On August 3, 2021, a three-judge panel for the Fifth Circuit Court of Appeals reviewed and affirmed a District Court decision to deny San Jacinto River Authority’s (SJRA) Motion to Dismiss based on state-action antitrust immunity. Quadvest LP et al. v. San Jacinto River Authority, No. 20-20447-CV-4508 (5th Cir. 2021). The case was brought by two private water utility companies, Quadvest and Woodland Oaks Utility, that provide drinking water to customers in Montgomery County, Texas. The utility companies claimed that they are stuck in contracts with SJRA that artificially inflate the price of wholesale raw water.

Not authorized to monopolize

The contracts in question impose fees for the use of groundwater by large-volume users, regardless of who supplies it, and include other mechanisms to encourage users to transition to surface water. SJRA argued that a monopoly was the foreseeable result of authorizing it to supply surface water because this necessarily displaces groundwater suppliers from the market; therefore, the state had effectively authorized the anticompetitive result and that it was therefore immune under its enabling statute (See Tex. Gen. & Spec. Laws, ch. 426).

However, the Court rejected SJRA’s arguments that its entry into and enforcement of the contracts was authorized by its enabling statute, and that the displacement of competition in the wholesale raw water market was the foreseeable result of the legislature authorizing the SJRA. The Court reasoned “[t]o warrant state-action immunity, the alleged anticompetitive effect—the displacement of competition in the Montgomery County wholesale raw water market—must be the ‘inherent, logical, or ordinary result’ of the state’s authorization.”

In reaching its decision, the panel focused on the language of the statutes that created and enable the SJRA. The appellate court found that the law authorizing the SJRA to play a role in the water supply market in Montgomery County didn’t allow it to create a monopoly. The court reasoned “[p]recedent establishes that mere authorization to participate in a market does not constitute authority to monopolize that market….” The court found that the enabling statute held no “monopolistic intent” when authorizing SJRA to participate in the market.

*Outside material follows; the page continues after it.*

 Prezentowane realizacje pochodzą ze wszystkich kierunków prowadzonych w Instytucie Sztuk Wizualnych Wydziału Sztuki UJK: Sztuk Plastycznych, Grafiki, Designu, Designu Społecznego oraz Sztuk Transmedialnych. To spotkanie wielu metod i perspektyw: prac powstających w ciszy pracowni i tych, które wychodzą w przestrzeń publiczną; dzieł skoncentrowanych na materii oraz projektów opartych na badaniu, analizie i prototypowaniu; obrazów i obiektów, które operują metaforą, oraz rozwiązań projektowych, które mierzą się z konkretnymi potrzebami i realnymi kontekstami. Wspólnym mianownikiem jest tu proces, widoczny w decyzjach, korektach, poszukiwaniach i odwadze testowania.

A (foot)note on interlocutory appeals

SJRA appealed the district court’s decision to the Fifth Circuit on immunity grounds. While neither party raised the issue of whether SJRA could bring an immediate appeal of the district court’s decision, the Fifth Circuit addressed this issue and acknowledged that the Fifth Circuit is the only federal circuit that allows immediate appeal of a denial of state-action immunity.

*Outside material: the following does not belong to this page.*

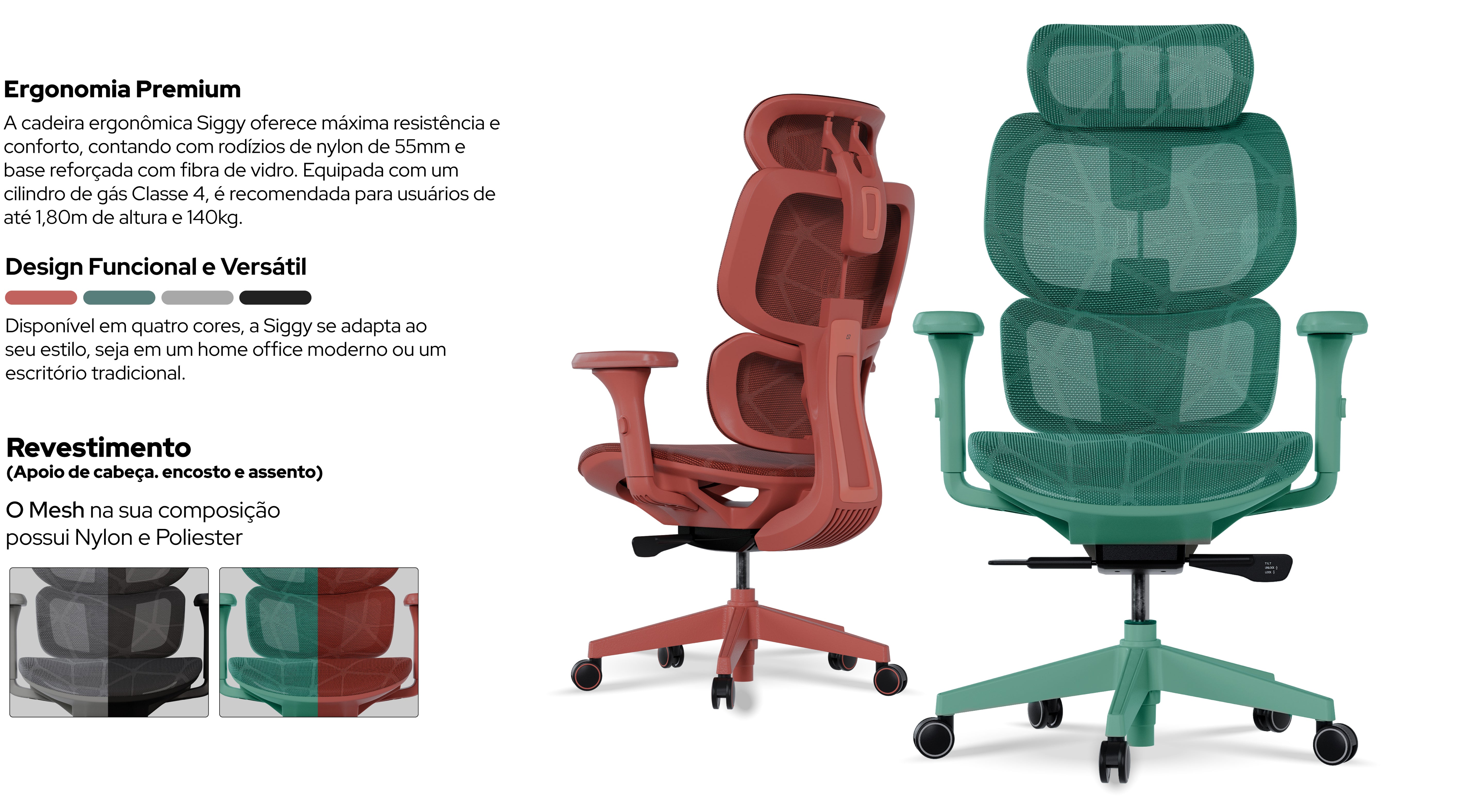 Experimente a combinação perfeita de design, ergonomia e praticidade com a Cadeira Ergonômica Siggy. Projetada em conformidade com a NR-17, ela oferece conforto e funcionalidade em todos os detalhes. Com mesh 100% poliéster respirável, apoio de cabeça e lombar ajustáveis, e suporte total às costas, a Siggy promove uma postura saudável e aumenta sua produtividade em longas jornadas de trabalho. Ideal para profissionais criativos e técnicos que valorizam estética e eficiência.

With the denial of SJRA’s Motion to Dismiss upheld, the parties will return to the district court to litigate the antitrust issues raised by the utility companies.

What this means to you

Water authorities are not necessarily immune from claims of antitrust violation. Additionally, a reminder that decisions on immunity may be immediately appealed in the Fifth Circuit but not in other circuits.